26.4. Visualization#
Here’s some code for Visualization — we’ll skip the details
def plot_distribution(locations, types, title):
" Plot the distribution of agents. "
fig, ax = plt.subplots()
plot_args = {
'markersize': 6, 'alpha': 0.8,
'markeredgecolor': 'black',
'markeredgewidth': 0.5
}
colors = 'darkorange', 'green'
for agent_type, color in zip((0, 1), colors):
idx = (types == agent_type)
ax.plot(locations[idx, 0],
locations[idx, 1],
'o',
markerfacecolor=color,
**plot_args)
ax.set_title(title)
plt.show()
Let’s visualize the initial random distribution:
26.5. The Simulation#
Now we put it all together.
As in the first lecture, each iteration cycles through all agents in order, giving each the opportunity to move:
def run_simulation(max_iter=100_000, seed=42):
"""
Run the Schelling simulation.
Each iteration cycles through all agents, giving each a chance to move.
"""
np.random.seed(seed)
locations, types = initialize_state()
plot_distribution(locations, types, 'Initial distribution')

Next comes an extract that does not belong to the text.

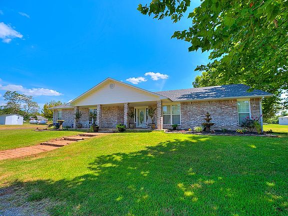 ****Currently under contract.**** This house is located in McLoud, OK, just 18 miles east of Tinker AFB and 12 miles west of Shawnee (minutes from access to I-40). Set on 15 acres, this 2,460 square foot home is perfect for families, entertaining groups, etc. Amenities include: an open floor plan with 10 foot vaulted ceilings; two new zone heat/air units; new water heater; water filter/softener; updated kitchen: ceramic top stove w/two ovens, microwave, dishwasher, granite and sink; updated master bathroom: shower, granite/sinks and toilet; Jetta whirlpool tub in master bath; updated hall bathroom: granite/sink and toilet; fresh paint inside; pantry; built-in bookcases in office; and a large covered patio. Additionally, there is an eight-person above ground storm shelter located in the garage (garage has been “finished” with extra insulation/trim; could easily be converted to an add’l room with minimal cost). The pasture is also fenced on three sides with cross fencing. For additional storage or hobbies, a 30 x 50 workshop, a 20 x 30 shed barn, 20’ x 22’ carport, two water wells and a 20-fruit bearing tree orchard are all located on the 15-acre property as well. Located two miles from grocery store, restaurants and other conveniences at I-40 and McLoud Rd. *Call/text. Open house every Sat/Sun 1-5pm or other showings by appt. MUST wear mask. **Appraisal as of Oct 2020.

# Loop until no agent wishes to move
start_time = time.time()
someone_moved = True
iteration = 0
while someone_moved and iteration < max_iter:
print(f'Entering iteration {iteration + 1}')
iteration += 1
someone_moved = False
for i in range(n):
if not is_happy(i, locations, types):
update_agent(i, locations, types)
someone_moved = True
elapsed = time.time() - start_time
plot_distribution(locations, types, f'Iteration {iteration}')
if not someone_moved:
print(f'Converged in {elapsed:.2f} seconds after {iteration} iterations.')
else:
print('Hit iteration bound and terminated.')
return locations, types
26.6. Results#
Let’s run the simulation:
locations, types = run_simulation()
We see the same phenomenon as in the class-based version: starting from a random mixed distribution, agents self-organize into segregated clusters.